© Paulo Abreu e Lima

sexta-feira, 4 de julho de 2014

inveja

Um dos males do mundo é a inveja pura e dura. Gostamos de baptizá-la de outro nomes mais brandos, juntamos-lhe "da boa" à descarada, mesmo em frente ao nome próprio, para que neste formato perca a condição menos nobre de cobiça declarada. É como quem diz estou contente por ti, quando na verdade o que se está é mesmo triste, por não se ter ou por não se ser, por não se chegar ou por não se conseguir. Vejo por mim, não é preciso ir longe, e deixo-vos um exemplo menor. Hoje invejei a serenidade do homem que trabalhava na estrada enquanto eu esperava. Invejei-lhe, assumo, invejei-lhe os gestos lentos, a demora na preparação dos materiais, o olhar tranquilo para o vazio do nada enquanto os carros se acumulavam na estrada, à espera. A tranquilidade dos outros é das minhas maiores invejas, um pecado capital reconhecido, sem limite e com algum pudor. Não a cobiçaria, é claro, se o tempo para mim fosse um bem obtido, um empreendimento conseguido, um estado adquirido por usucapião. Não é, o vagar a mim nunca me chega para coisa nenhuma, é sempre escasso, longínquo, insuficiente e diminuto. Se lhe roubaria a tranquilidade de esticão (facílimo, na placidez dos actos), e o deixaria cercado pela minha urgência? Pois não sei, talvez não, por uma questão de respeito social. Mas não é por isso que não a queria para mim, à calma, toda ela, desde a que lhe transparecia dos olhos à que lhe escorria das mãos. É inveja, pura e dura.

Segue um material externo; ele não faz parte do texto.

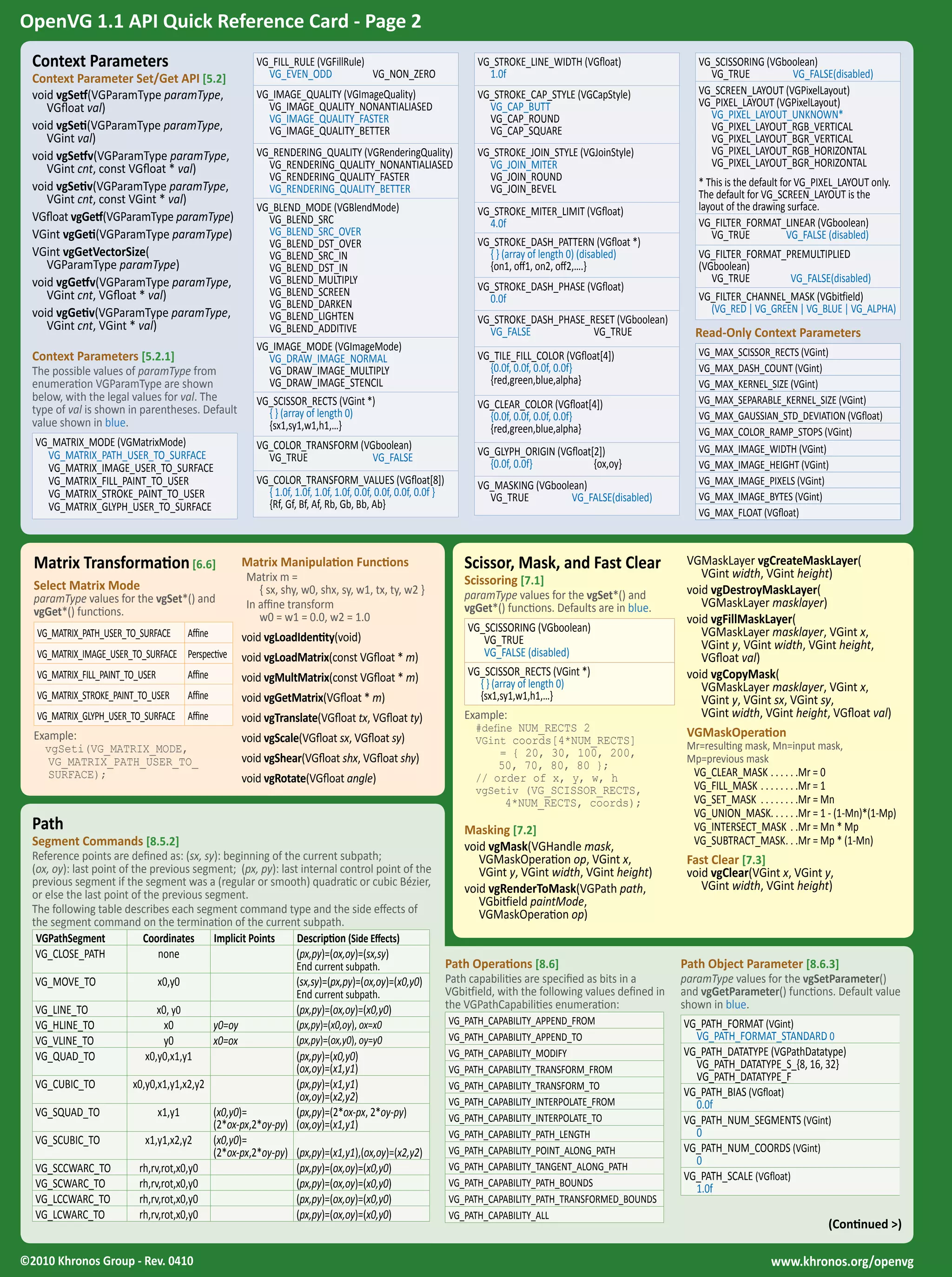 - The reference card also summarizes the context parameters that can be set and gotten in OpenVG for controlling rendering state.

Ou "da boa" (que seja então).

2 comentários:

  1. Gosto muito, muito mesmo, desta sua análise e do modo como a transmite, CF!
    E, no entanto, aquilo que nos parece calma e serenidade não é, muitas vezes, senão uma ilusão. E a lentidão não significa necessariamente serenidade...
    (Vou-lhe dar um exemplo, também, que lhe pode parecer absurdo e espero que não lhe pareça "abusivo": quem a lê, a si, por exemplo, encontra recorrentemente este tema do desejo do vagar, de um tempo que é sempre escasso e nos faz tantas vezes deixar de lado o que (nos) é essencial. E, no entanto, quem apenas a vê não diria isso, porque há nos seus olhos muito mais serenidade do que inquietação - talvez por estar muito habituada a ouvir...)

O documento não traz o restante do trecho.